▶ Brief:
Nothing but the lines below from the one with "La posizione centralissima." through the one with "Прибыли ко мне" should be output, each exactly as given, and no pictures.

▶ Records for the exercise:

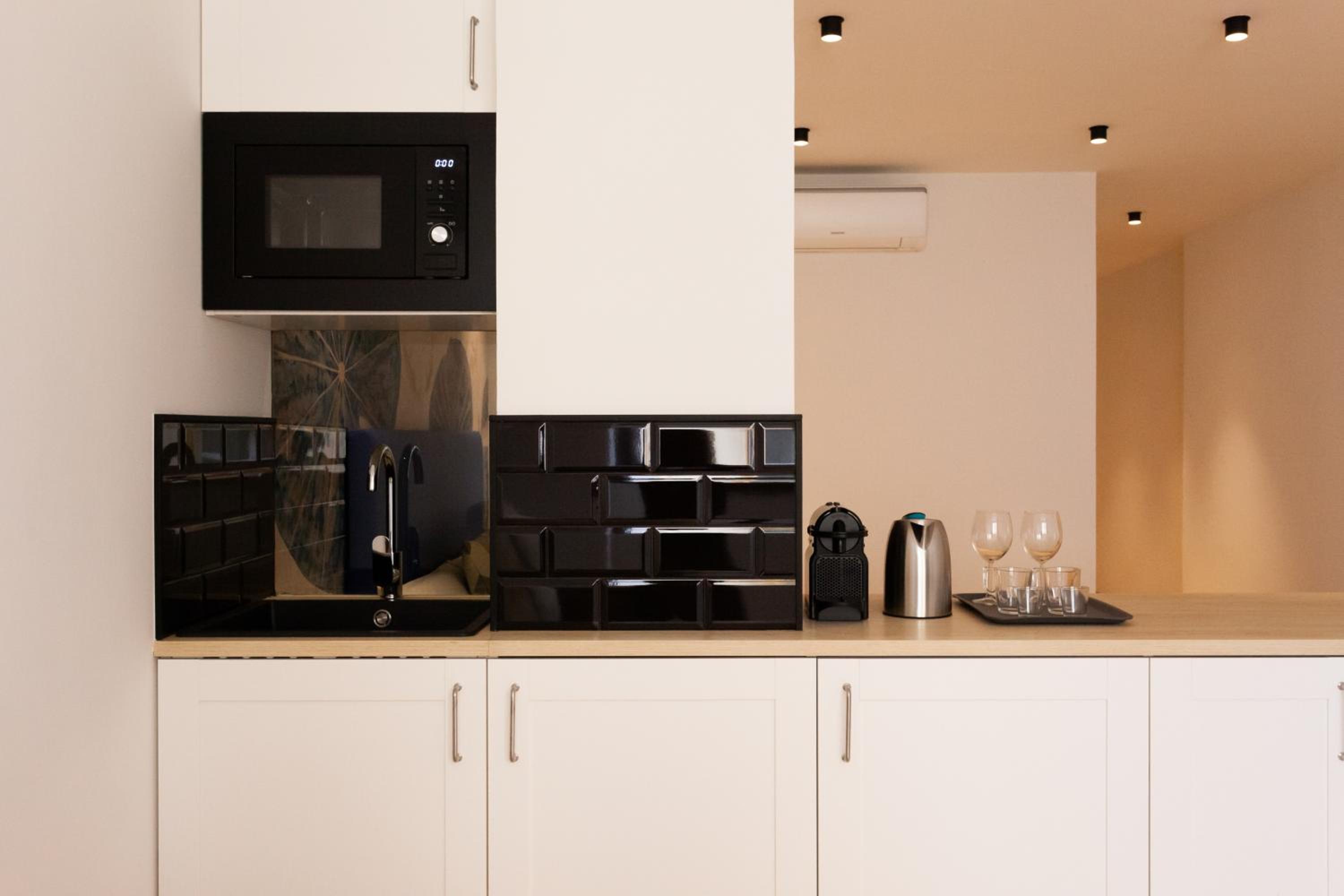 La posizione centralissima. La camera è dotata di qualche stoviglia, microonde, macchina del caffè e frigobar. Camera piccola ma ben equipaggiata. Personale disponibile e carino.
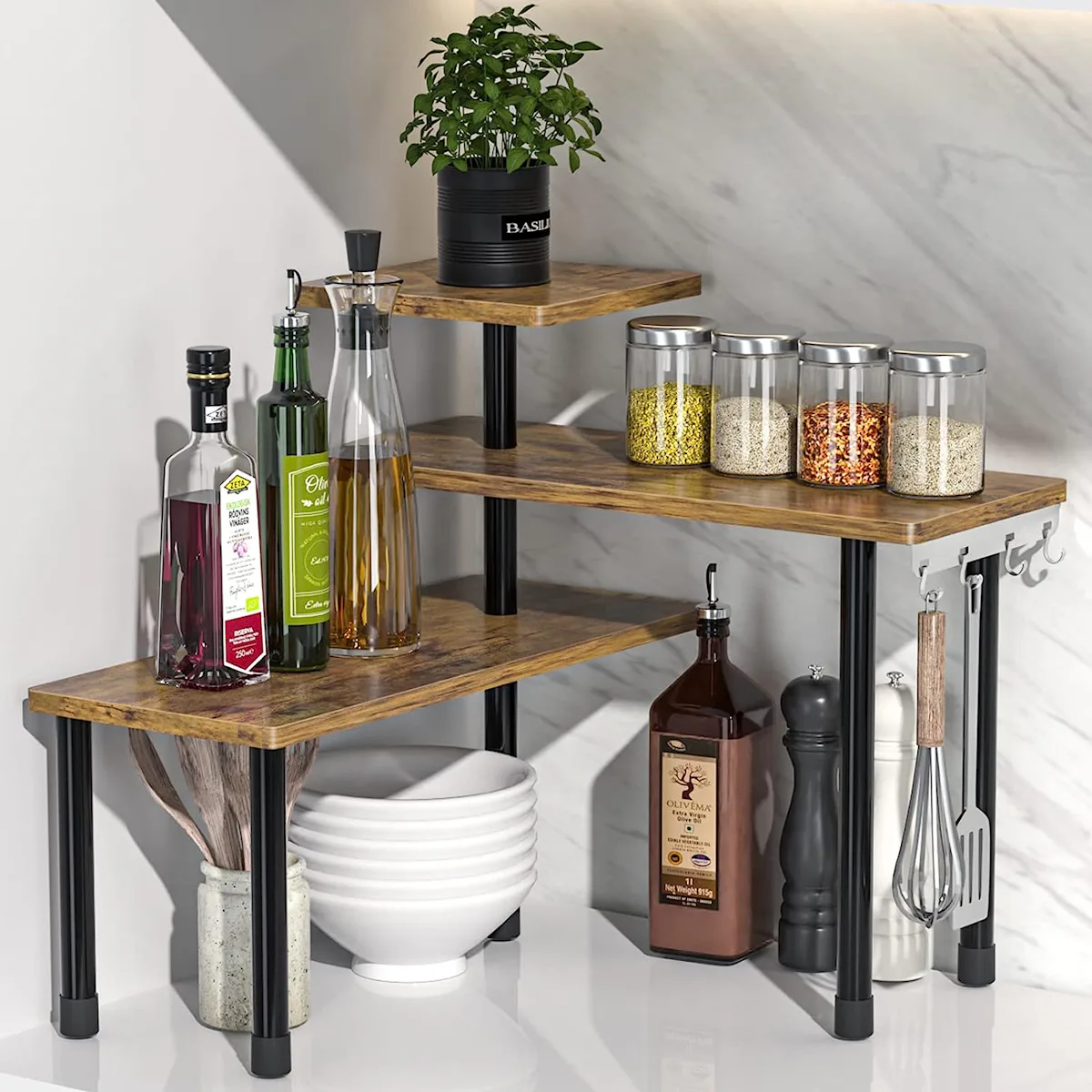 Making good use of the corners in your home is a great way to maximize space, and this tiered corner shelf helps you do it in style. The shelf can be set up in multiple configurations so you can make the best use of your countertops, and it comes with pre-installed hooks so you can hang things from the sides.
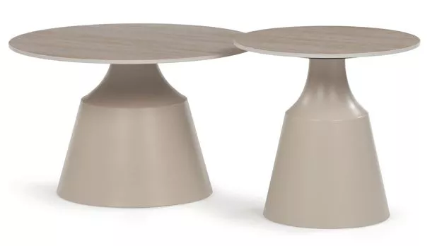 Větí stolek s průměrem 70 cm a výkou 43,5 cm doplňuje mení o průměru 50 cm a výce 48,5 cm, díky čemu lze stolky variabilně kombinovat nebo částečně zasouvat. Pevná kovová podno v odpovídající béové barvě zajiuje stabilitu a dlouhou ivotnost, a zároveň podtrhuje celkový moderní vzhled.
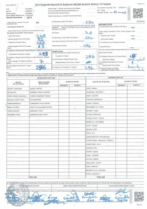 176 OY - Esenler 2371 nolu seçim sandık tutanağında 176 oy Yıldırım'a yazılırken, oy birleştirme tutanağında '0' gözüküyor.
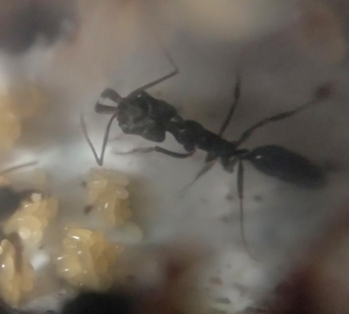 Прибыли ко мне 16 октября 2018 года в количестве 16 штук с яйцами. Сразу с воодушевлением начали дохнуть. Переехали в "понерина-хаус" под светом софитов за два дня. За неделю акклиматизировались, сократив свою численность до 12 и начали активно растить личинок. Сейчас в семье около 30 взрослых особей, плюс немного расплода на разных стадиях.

==

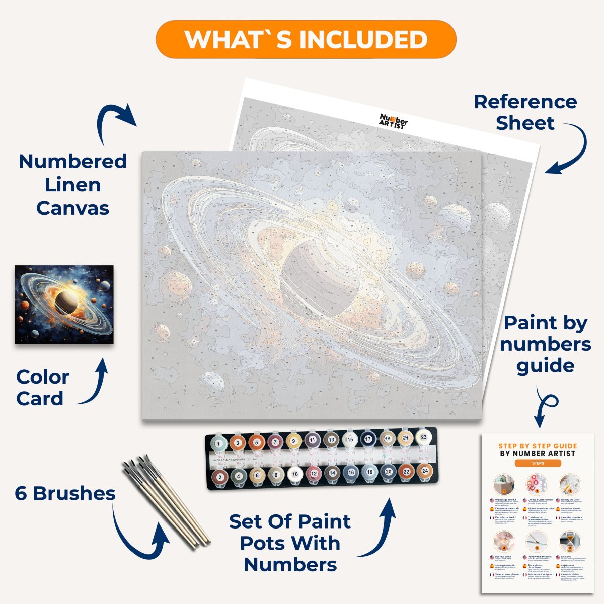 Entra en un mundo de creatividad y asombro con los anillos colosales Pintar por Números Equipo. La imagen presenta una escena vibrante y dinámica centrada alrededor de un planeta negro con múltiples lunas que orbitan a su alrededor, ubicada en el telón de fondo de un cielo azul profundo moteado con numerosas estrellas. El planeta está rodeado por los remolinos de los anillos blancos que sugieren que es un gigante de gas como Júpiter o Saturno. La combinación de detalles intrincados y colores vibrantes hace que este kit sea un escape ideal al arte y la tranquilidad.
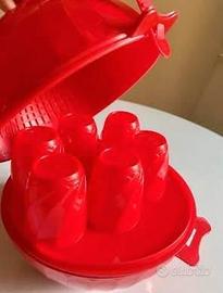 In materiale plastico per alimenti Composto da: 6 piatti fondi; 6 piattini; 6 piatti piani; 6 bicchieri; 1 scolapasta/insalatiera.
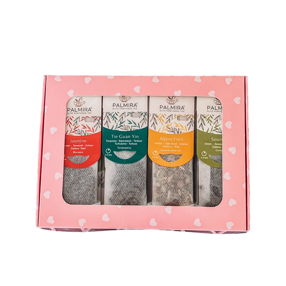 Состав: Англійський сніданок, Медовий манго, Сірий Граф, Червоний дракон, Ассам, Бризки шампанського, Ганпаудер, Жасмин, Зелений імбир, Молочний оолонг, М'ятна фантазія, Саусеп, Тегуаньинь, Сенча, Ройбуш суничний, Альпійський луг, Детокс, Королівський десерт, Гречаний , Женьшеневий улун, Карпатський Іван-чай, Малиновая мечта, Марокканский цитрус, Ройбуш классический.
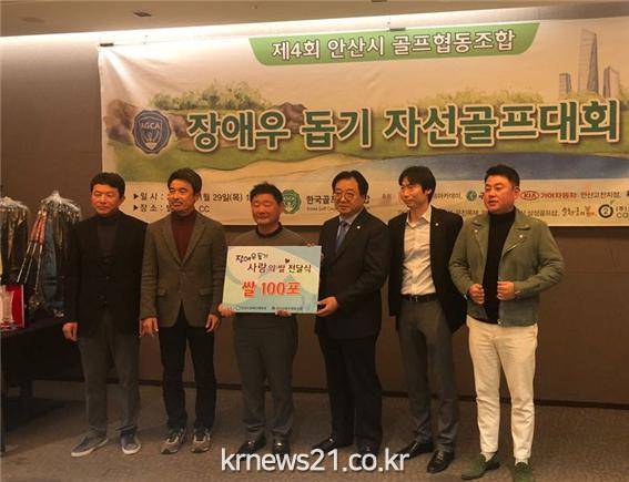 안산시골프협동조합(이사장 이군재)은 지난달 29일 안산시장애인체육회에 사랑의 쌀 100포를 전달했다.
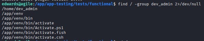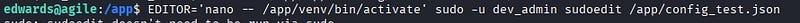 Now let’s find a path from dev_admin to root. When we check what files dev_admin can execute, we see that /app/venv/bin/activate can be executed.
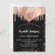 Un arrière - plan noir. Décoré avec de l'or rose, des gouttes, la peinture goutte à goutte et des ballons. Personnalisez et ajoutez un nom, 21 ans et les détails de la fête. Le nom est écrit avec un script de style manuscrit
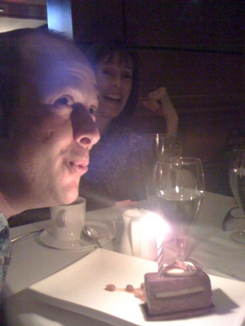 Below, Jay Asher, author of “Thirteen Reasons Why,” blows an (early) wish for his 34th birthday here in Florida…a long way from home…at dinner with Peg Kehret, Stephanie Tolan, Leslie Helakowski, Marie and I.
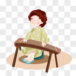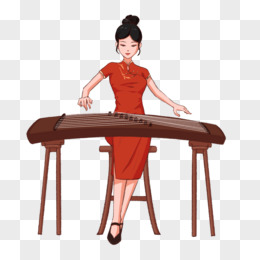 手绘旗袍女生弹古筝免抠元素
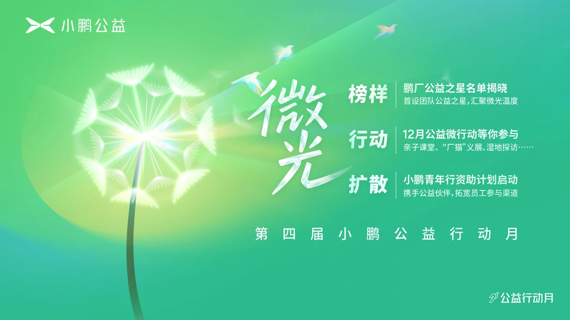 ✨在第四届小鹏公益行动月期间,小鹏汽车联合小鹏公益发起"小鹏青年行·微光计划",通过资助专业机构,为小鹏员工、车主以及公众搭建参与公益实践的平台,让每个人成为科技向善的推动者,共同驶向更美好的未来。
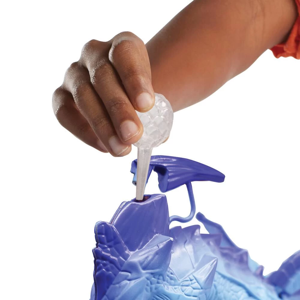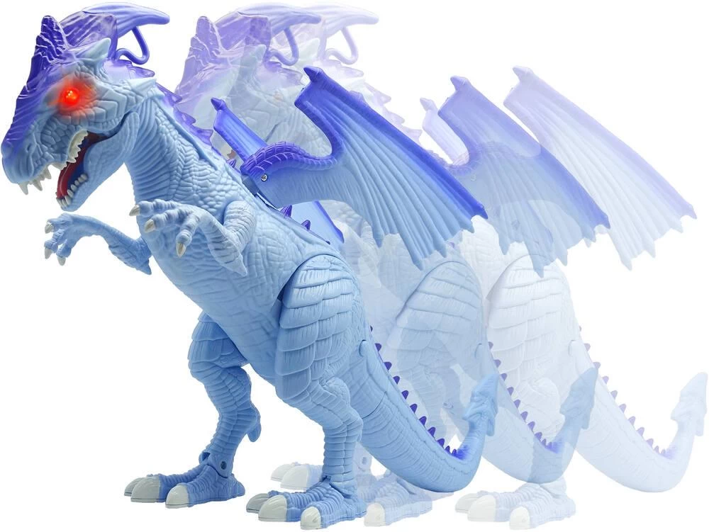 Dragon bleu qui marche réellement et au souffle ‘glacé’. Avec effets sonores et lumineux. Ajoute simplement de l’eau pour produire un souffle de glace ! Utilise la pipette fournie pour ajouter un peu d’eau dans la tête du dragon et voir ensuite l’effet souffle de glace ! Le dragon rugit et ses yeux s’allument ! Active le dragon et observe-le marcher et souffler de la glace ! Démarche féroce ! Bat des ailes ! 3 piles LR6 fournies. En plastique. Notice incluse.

▶ Exercise response:
 La posizione centralissima. La camera è dotata di qualche stoviglia, microonde, macchina del caffè e frigobar. Camera piccola ma ben equipaggiata. Personale disponibile e carino.
 Making good use of the corners in your home is a great way to maximize space, and this tiered corner shelf helps you do it in style. The shelf can be set up in multiple configurations so you can make the best use of your countertops, and it comes with pre-installed hooks so you can hang things from the sides.
 Větí stolek s průměrem 70 cm a výkou 43,5 cm doplňuje mení o průměru 50 cm a výce 48,5 cm, díky čemu lze stolky variabilně kombinovat nebo částečně zasouvat. Pevná kovová podno v odpovídající béové barvě zajiuje stabilitu a dlouhou ivotnost, a zároveň podtrhuje celkový moderní vzhled.
 176 OY - Esenler 2371 nolu seçim sandık tutanağında 176 oy Yıldırım'a yazılırken, oy birleştirme tutanağında '0' gözüküyor.
 Прибыли ко мне 16 октября 2018 года в количестве 16 штук с яйцами. Сразу с воодушевлением начали дохнуть. Переехали в "понерина-хаус" под светом софитов за два дня. За неделю акклиматизировались, сократив свою численность до 12 и начали активно растить личинок. Сейчас в семье около 30 взрослых особей, плюс немного расплода на разных стадиях.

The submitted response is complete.